Подвергать себя и дальше опасности – бессмысленно. Вечность может пройти, прежде чем Европа положит конец всему этому безобразию. А сколько зла тем временем успеют натворить парижские безумцы! Он, Робинэ, в опасности, но еще большая опасность грозит Жильберте, вдове врага Республики. Надо бежать из Франции.
Однако он знал Жильберту. Как она ни благоразумна, но и она заразилась новыми идиотскими идеями, болтовней того самого чудака, который лежит здесь неподалеку, под своими тополями. Жильберта не захочет уехать, будет упорствовать в своем желании остаться и приводить в оправдание тысячи причин, но главной причины не назовет. Ибо главная причина – этот проклятый мечтатель, фантазер, глупец, этот молодой» Жирарден.
И вот носившемуся с такими мыслями Робинэ доложили о приезде Фернана.
Весть о смерти Матье ввергла Фернана в глубокое смятение. Он никогда не желал зла мужу Жильберты. Ратуя за войну, он даже в глубине души не затаил мысли об этом честном человеке, по долгу совести покинувшем страну. Великий переворот смел с лица земли многих более значительных людей, но в этой смерти, казалось ему, он, Фернан, чем-то повинен.
Увидев Фернана, мосье Робинэ не скрыл своего гнева. Этакий глупец. Этакий дурень, подламывающий сук, на котором сидит он сам и его друзья. Он внес законопроект о конфискации эмигрантских имений.

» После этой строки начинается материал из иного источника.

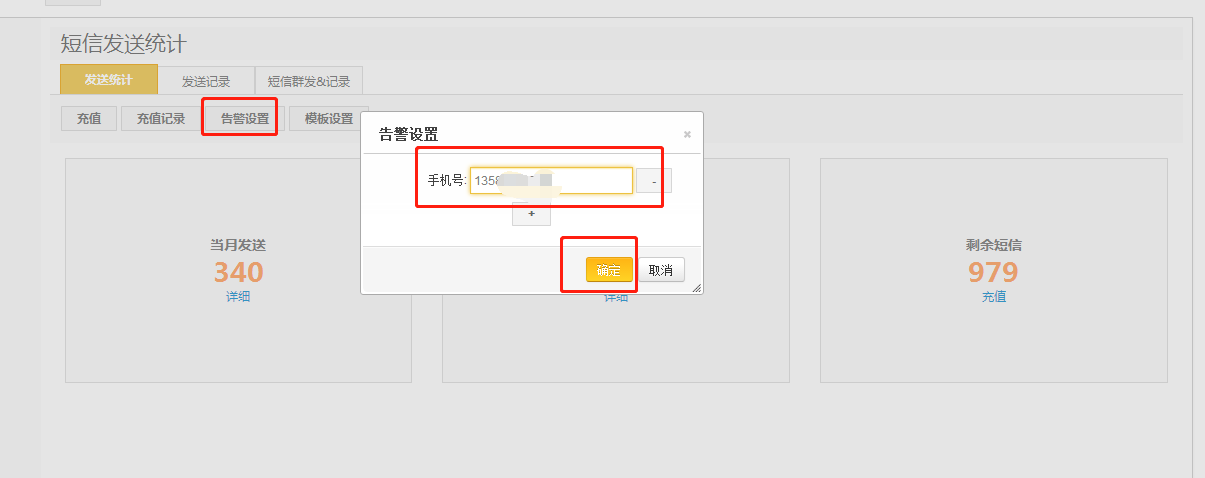 【注意事项:短信告警是短信数量低于一定次数会自动发送信息提醒告警对象】

Он вверг Францию в братоубийственную войну, стоившую жизни Матье.
– Теперь вы видите, что натворила ваша философия, мосье, – встретил его Робинэ. – Сначала вы болтаете о природе и о мире, о равенстве и братстве, а потом развязываете гражданскую войну. Бедный Матье! Но он, по крайней мере, знал, где его место.
Фернан был изумлен, что этот старик, эта ходячая рассудительность, так сильно взволнован и не скрывает своих чувств.
– Ваше горе извиняет вас, мосье, – сказал он. – Я воздерживаюсь от возражений, дабы не углублять вашего гнева. Я желал лишь выразить вам и Жильберте свое участие, свое искреннее соболезнование.
– Оно не воскресит Курселя, – издевался Робинэ.
На пороге стояла Жильберта. Черное платье подчеркивало ее бледность; такой бледной Фернан никогда ее не видел. Она стояла в дверях и смотрела на него. Слова не шли с ее губ. И Фернан не мог рта раскрыть. Опять это была совершенно новая Жильберта и в то же время прежняя.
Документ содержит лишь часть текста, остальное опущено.